An interesting performance result was observed when the algorithms were compared based on their average number of selected features. For example, the BPSO outputs a value of 1 for the number of selected features for all population sizes and for all datasets considered during our experiments. While this showed some measure of abnormality in the process of feature selection in the algorithm, we observed more standard performance for all the remaining methods. As an example, consider the outcome of some low-dimensional datasets such as the BreastEW, CongressEW, Exactly and Exactly2. The BEOSA and BIEOSA yielded similar results to all the other methods. For BWOA, BGWO, BDMO, BSNDO, BEOSA and BIEOSA, the average numbers of features (on population sizes yielding this average performance) were 17.0 (25), 16.9 (100), 5.5 (50), 3.0 (25), 7.3 (25) and 5.9 (75), respectively.

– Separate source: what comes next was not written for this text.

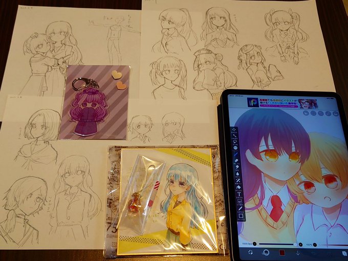 ヒユちゃん色紙とグロリオサ概念ストラップもらったり、ヒユリのキャラいっぱい描いてもらった!とかちゃんの絵はほんと可愛い😭
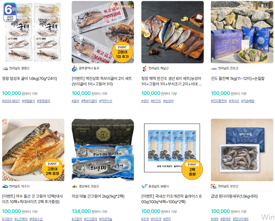 해안 지역 지자체의 대표 품목입니다. 전복·멸치·굴 세트 등은 양이 넉넉하고 신선도가 좋아 재구매율이 높습니다.

The CongressEW showed 8.9 (100), 10.1 (25), 2.4 (50), 2.4 (50), 5.3 (100) and 4.6 (50) for the same BWOA, BGWO, BDMO, BSNDO, BEOSA and BIEOSA methods. Similarly, the Exactly dataset reported values of 6.2 (50), 8.5 (25), 3.0 (25), 2.2 (25), 4.2 (25) and 2.5 (75), while Exactly2 gave 7.0 (75), 8.3 (100), 3.5 (100), 2.0 (25), 1.7 (100) and 2.5 (25) on the same methods, respectively. These results show that in most cases, population sizes of 25–50 were sufficient to produce the desired results. Even population-intensive algorithms such as BEOSA and BIEOSA demonstrated that their best average feature selection counts could be obtained using a population size range of 25–75.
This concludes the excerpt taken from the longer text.